Table 6. Order of magnitude reached function value fworst for the worst point in the population after \(k=1000n\) evaluations and average success rate \(\overline{S}\) for DE

A description of the used experimental variantFootnote 2 is depicted in Algorithm 6. The population size was taken as \(N=\min (10n,100)\), the crossover probability was taken as \(\gamma =0.2\) and the differential weight is taken from the interval \([\underline{B},\overline{B}]=[0.2, 0.8]\).

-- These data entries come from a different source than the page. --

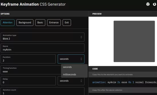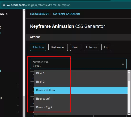 Webcode.tools website provides a free key frame animation CSS generator. Using this website, you can quickly generate CSS code for key frame animation for any HTML components. It gives you a visual tool where you can enter the animation parameters and then in the end you will get the final CSS code that you can copy and use anywhere you like. The best part is that along with the CSS code, it even shows the review of the animation.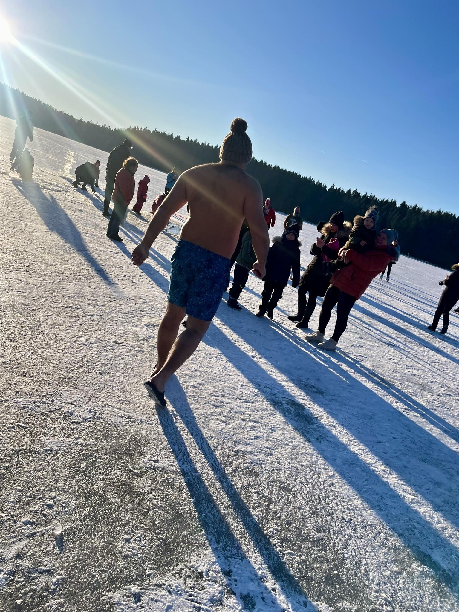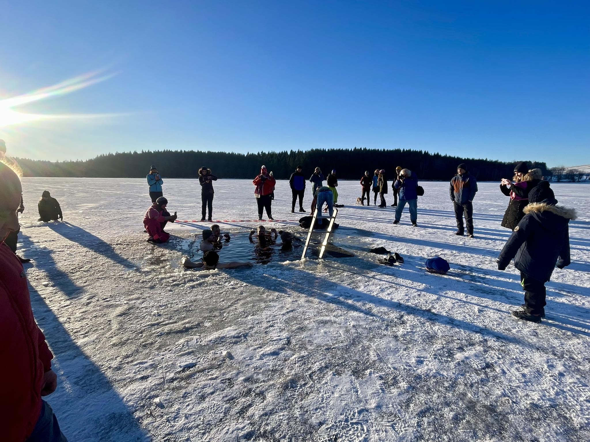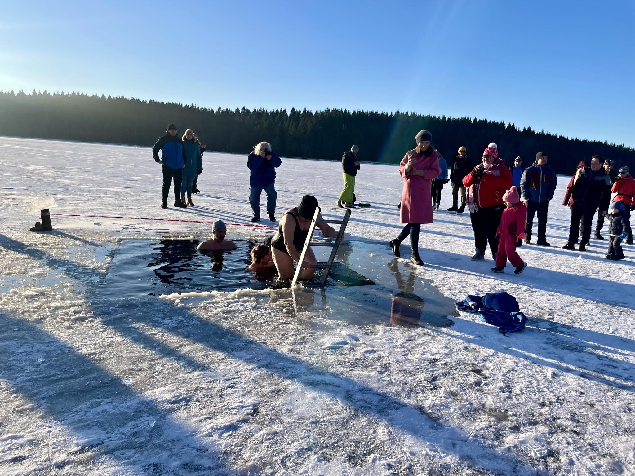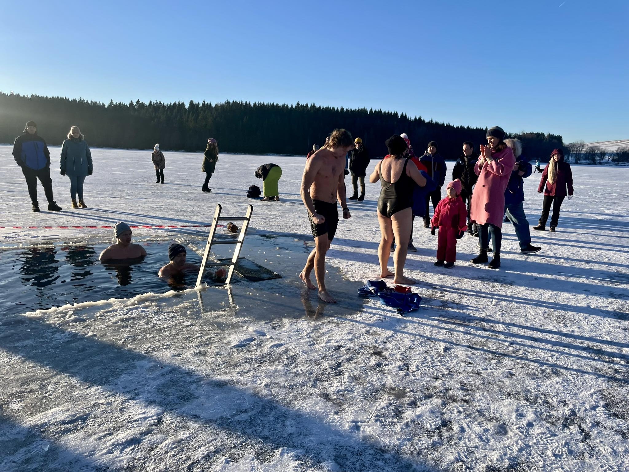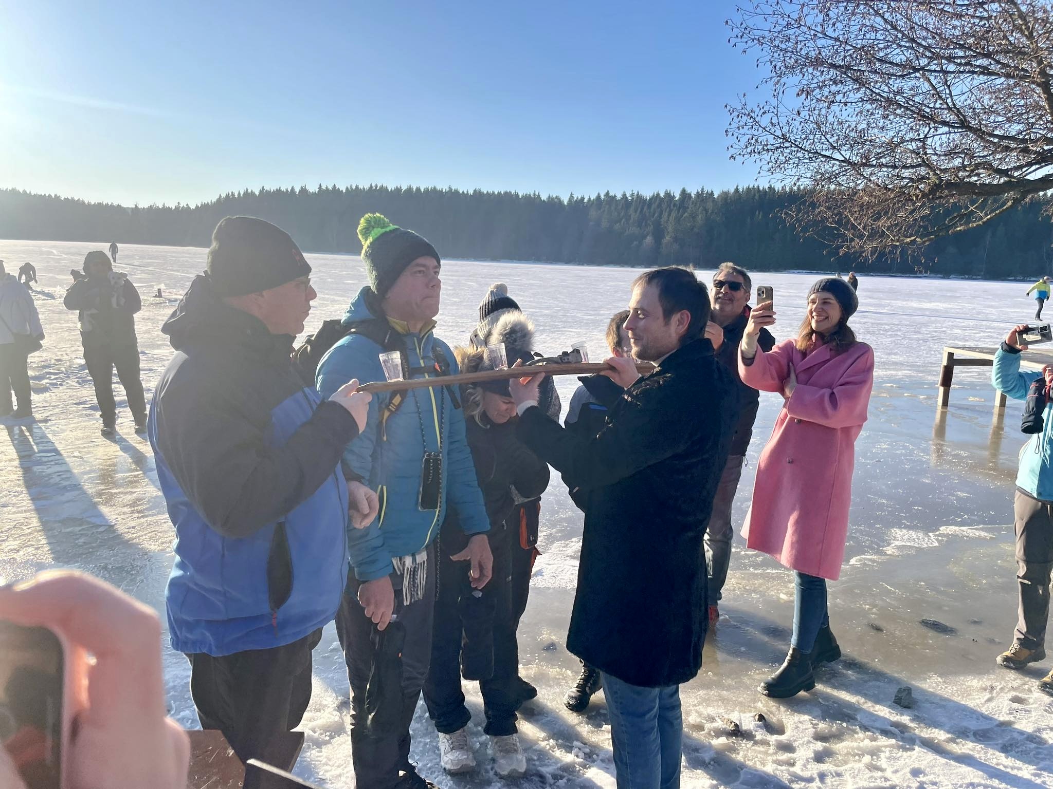 Přestože do ledové vody vlezlo jen pár nadšenců, novinkou, kterou byl nový borůvkový likér Mertilus, nepohrdl nikdo. Slavnostní degustaci stejně jako koupací akci pro návštěvníky připravil Hotel Medlov.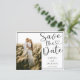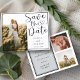 Feiern Sie Ihre Hochzeit mit dieser modernen und eleganten Save the Date-Karte, die mit fett schwarzer Kalligrafie "Save the Date" auf einem knackigen, weißen Hintergrund für ein sauberes, raffiniertes Aussehen besticht. Dieses stilvolle Template bietet Platz für ein beliebtes Foto auf der Vorderseite und zwei weitere auf der Rückseite und eignet sich somit hervorragend, um Ihre Liebe zu zeigen. Ideal für minimalistische, klassische und zeitgenössische Hochzeiten. Vollständig anpassbar mit Ihren Namen, Hochzeitstermin und Ort, um eine personalisierte und unvergessliche Ankündigung zu erstellen.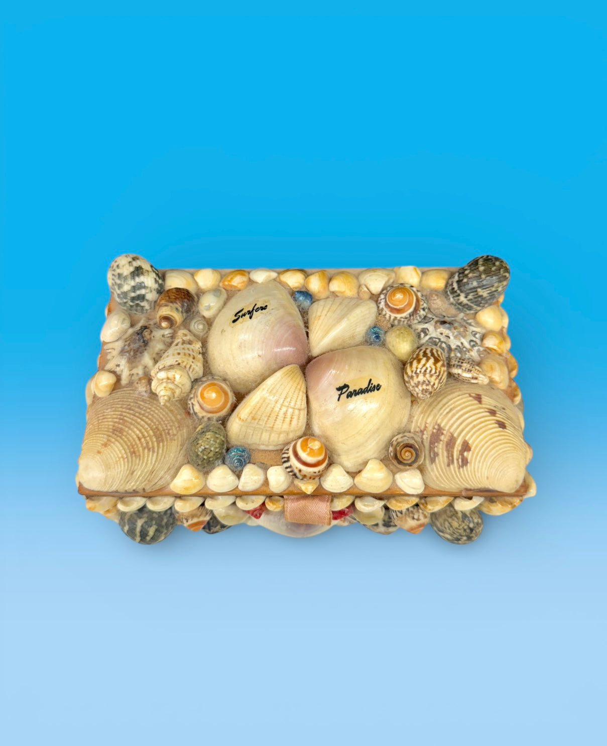 This is a beautiful vintage trinket box made by sea shell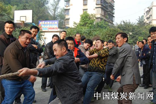 图为重庆永荣青鹏公司举办了“决战100天,打好攻坚战”职工拔河比赛场面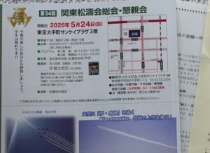 さて、3月下旬にお届けした関東松濤会会誌「SAKAS第17号」はご覧になりいかがでしたか。同封の案内状でお知らせのとおり、来る5月24日(日)東京大手町サンケイプラザにて第34回総会・懇親会を開催いたします。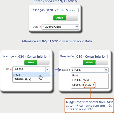 • Ao alterar algum dado da conta contábil e informar uma nova Data, inicia-se uma nova vigência e encerra o período anterior.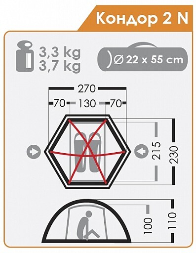 Конструкция: Двухслойная трёхдуговая полусфера с независимой внутренней палаткой.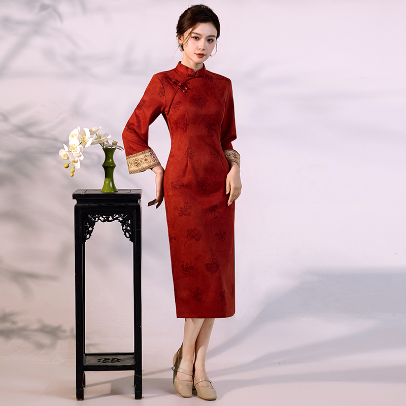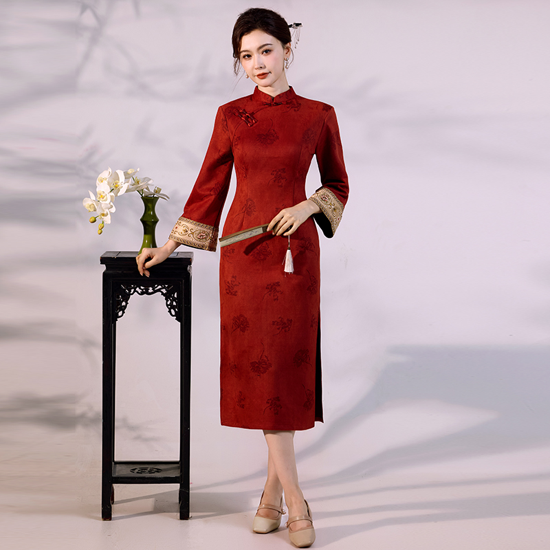 国风新中式年轻款改良倒大袖改良旗袍华贵气质麂皮绒绝美连衣裙 服裝批發女裝批發服飾貨源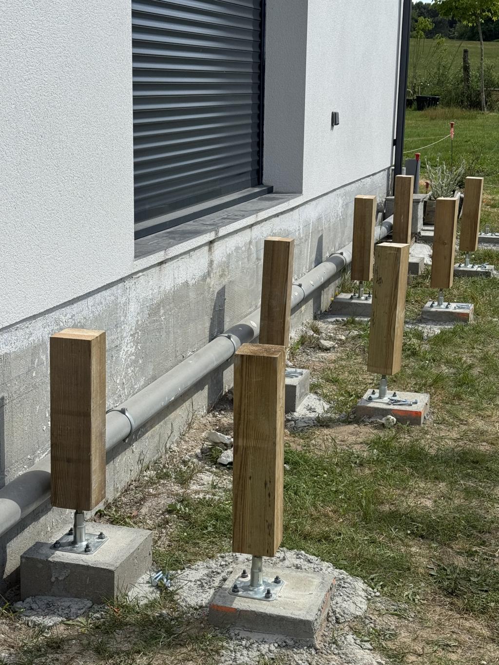 🔨 Le chantier a commencé par la pose de plots béton, garants d’une stabilité à toute épreuve.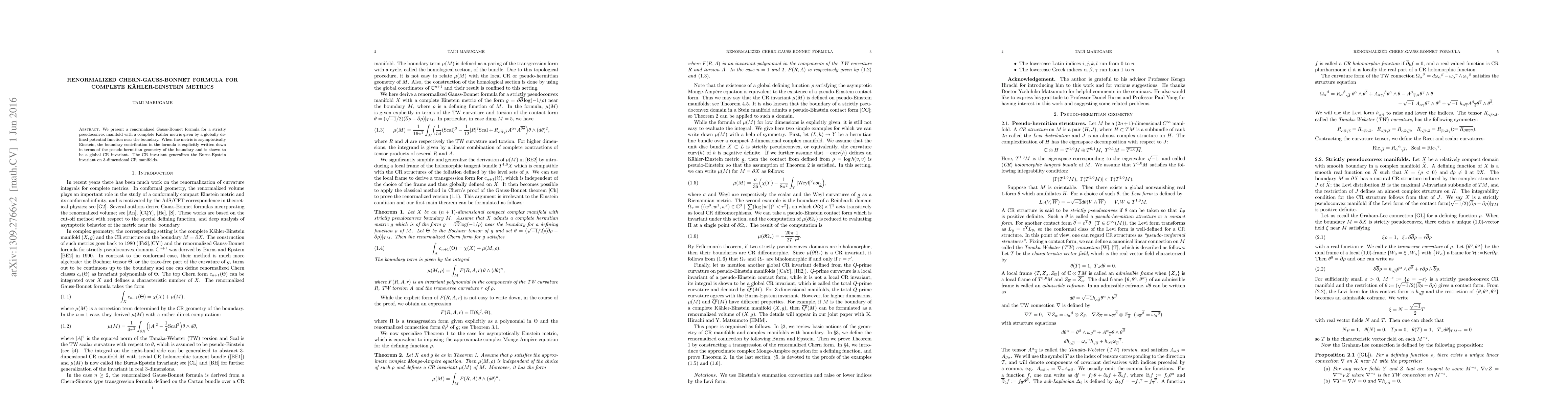 Summary: This paper introduces a renormalized Gauss-Bonnet formula for approximate Kähler-Einstein metrics on compact complex manifolds, providing an explicit boundary integral that generalizes the Burns-Epstein invariant and characterizes pseudo-Einstein properties.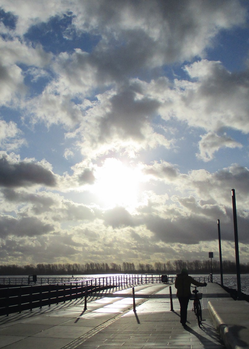 Helgolandstraße – immer schön auf seitliche Sturmböen achten. – Wir lieben den „Küstenhimmel“ mit fetzenden Wolken …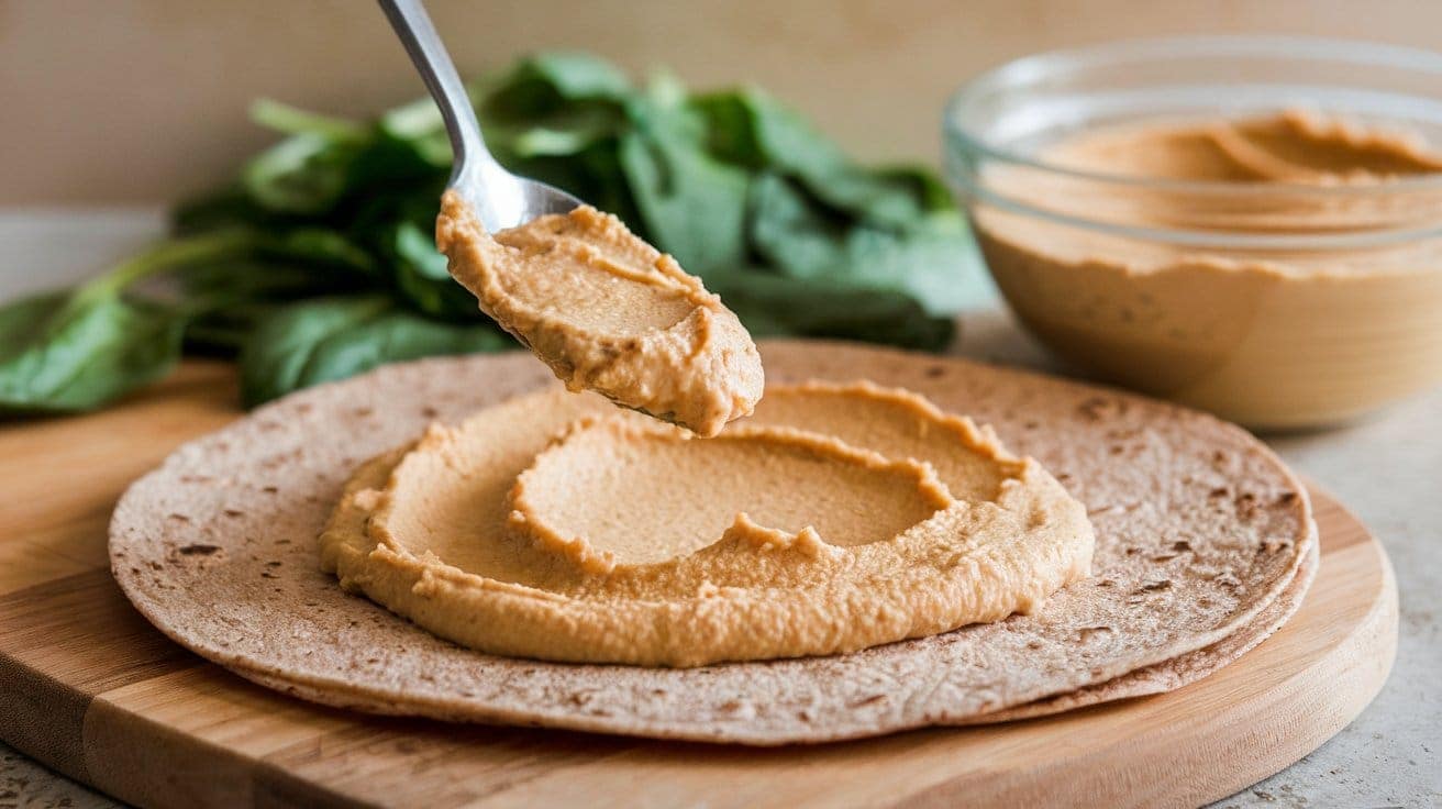 - Spread 2-3 tbsp of hummus over each tortilla.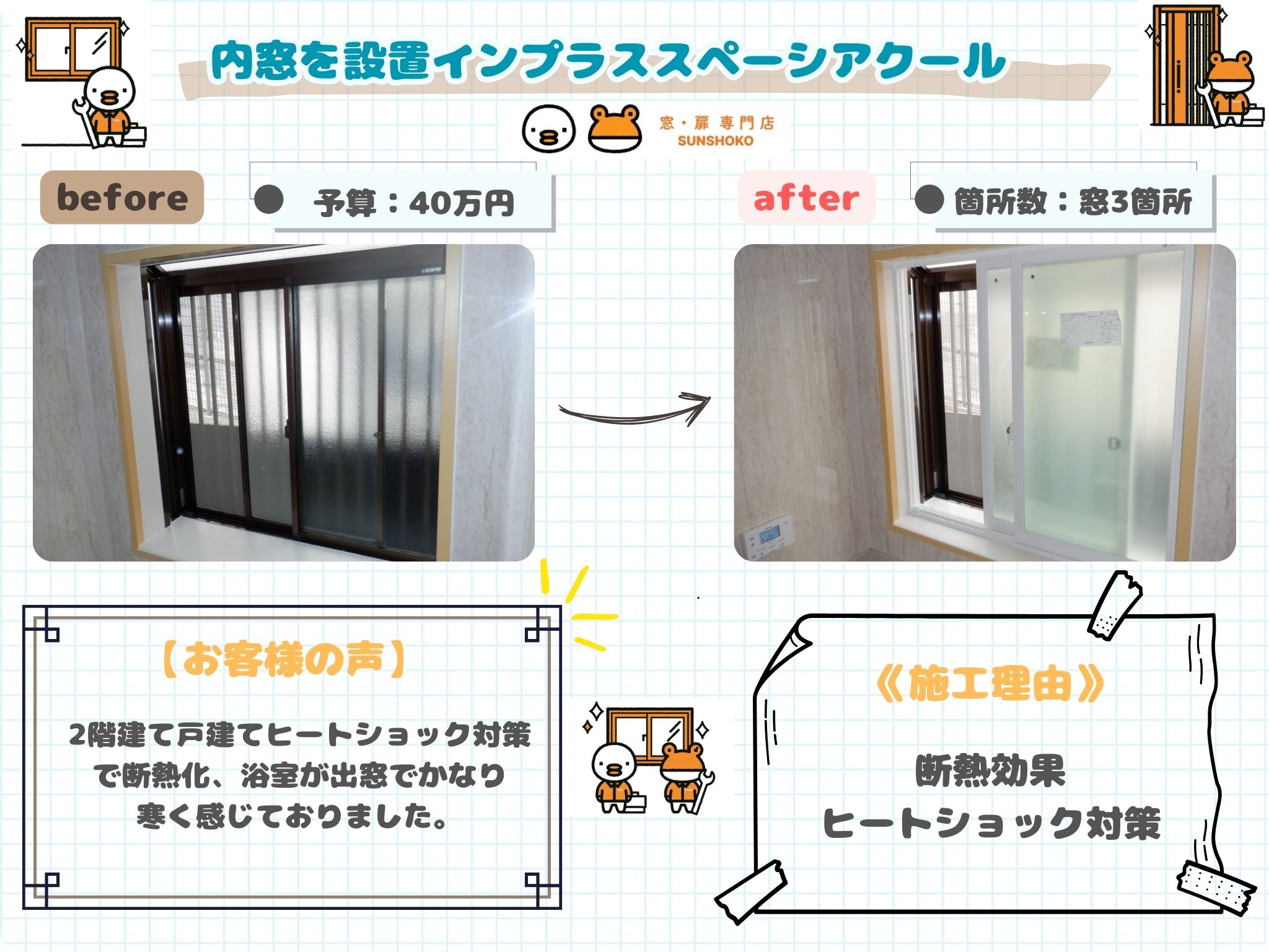 こんにちは☺今回の施工事例はインプラススペーシアクール工事です✨ 和泉市にお住まいの方で、ヒートショック対策・結露対策のために交換して頂きましたよ👧✨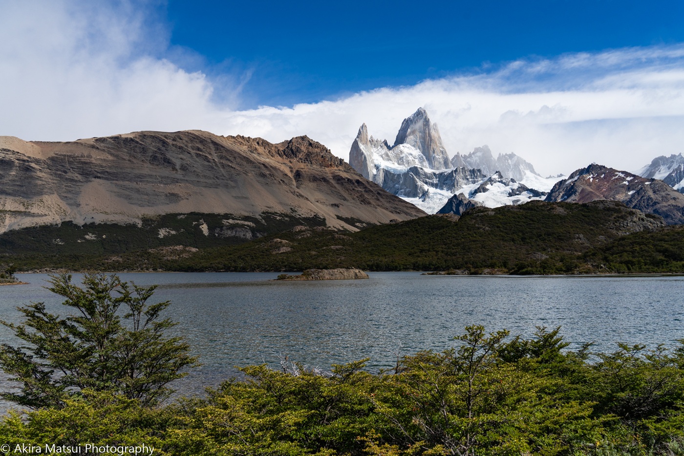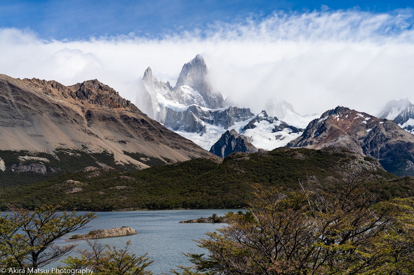 カプリ湖から望むパタゴニアの名峰フィッツロイ(3405m)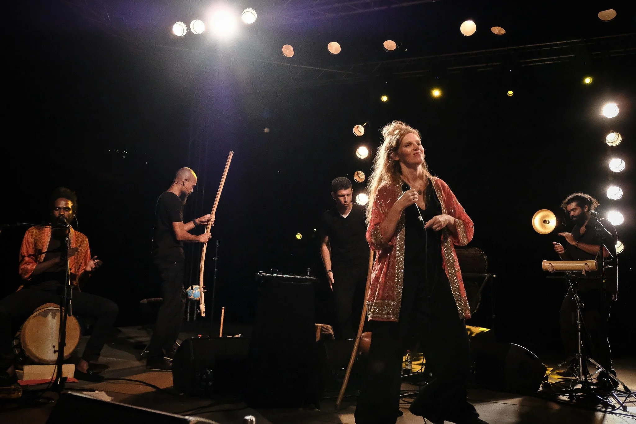 Si la base de maloya est toujours revendiquée, la tribu s’est étoffée et l’apport des nouveaux musiciens emporte leur musique vers des horizons moins étiquetés, plus raffinés en affirmant une vraie identité. C’est toujours un bonheur pour les yeux de voir les musiciens changer d’instruments – kayamb, bobr, loop, roulèr, doum, sati piker, triangle - à chaque nouveau morceau. Loin d’être anecdotiques, ces rotations évitent le sentiment de répétition surtout quand elles magnifient de riches compositions. La guitare électrique apporte une âme rock à ce registre de musiques du monde et densifie la transe. Ce backing band mouvant, tout de noir vêtu, en impose vraiment et l’équilibre scénique avec les deux artistes féminines est idyllique. Si la Clairvoyante Cellule de Communication du Séchoir a proposé de catégoriser Saodaj comme du « maloya mais pas que », je propose au CCC mon étiquetage plus radical « maloya mais plus que ».

The strong local search behaviour after the population reaches a minimum point can be observed in Table 6. From the reproduction mechanism, it is more clear than for the PSO or GA algorithms that the process is thought of component-wise. This means that the population does not automatically adapt to the shape of the level set. We can observe this effect very well in Fig. 7. For the high condition number instance \(H_{T10}\), the algorithm does not find improvements easily for the worst point in the population for a long time. For the instance \(I_{10}\) with spherical level sets, the probability of finding better points is relatively constant.

Fig. 7.
figure 7

Behaviour of DE for dimension \(n=10\). In orange the reached function value of the worst point in the population and in blue the success rate.

3.6 Firefly Algorithm

The Firefly algorithm (FA) was introduced by Yang in 2008 [14], as a variant of the PSO algorithm based on nature inspired mechanisms. Each point in the population is moved towards all better points having a so-called higher lightness in the population adding a random mutation. Then all individuals are evaluated again.

figure g
Table 7. Order of magnitude reached function value fworst of the worst point in the population after 1000n evaluations and average success rate \(\overline{S}\) for FA

For the experiments, we used the matlab code that Yang published in [14] with parameter values \(\alpha =0.25\) (randomness), \(\beta =0.20\) (attraction parameter) and \(\gamma =1\) (absorption coefficient). These last two parameters are used in the exponential function for calculating the attractiveness between fireflies. The implementation requires bounds on the variables in order to use a good scaling. However, we found that for the instances we use this is not relevant due to the way the initial population is taken uniformly over the level set with a function value of 1. Actually, the algorithm can easily be extended to deal with constrained problems, [1].

In contrast to the particle swarm algorithm, no moves are based on the best point in the population. Basically, the population focuses towards the center of the population with only additional random effects. Therefore, we expect the algorithm like UCPR to shape better along the level set of the function. This effect can be observed in Fig. 8, where the algorithm seems not affected by the condition number of the Hessian. We observe however, that for the high dimensional cases the population initially deviates from the initial level set. As depicted in Table 7, it has a strong convergence to the minimum point.

Fig. 8.
figure 8

Behaviour of FA for dimension \(n=10\). In orange the reached function value of the worst point in the population and in blue the success rate.

4 Conclusions

We investigated the convergence behavior towards a minimum point of 6 population metaheuristics when the initial population starts around the point. We varied the dimension and condition number of the Hessian in the minimum point. The algorithms CRS, UCPR and DE only accept better points within the new population, whereas GA, PSO and FA keep a global search behavior. For GA, this is due to periodic refreshment of the population. We found that GA and PSO require a bounding around the initial population in order not to diverge.

CRS appears completely insensitive to the shape of the Hessian and converges strongly to one point, whereas UCPR and DE are far more sensitive and for the highest condition number converge much slower. The FA algorithm converges slow for all cases, whereas the GA and PSO do not converge well when the level sets around the minimum are not round.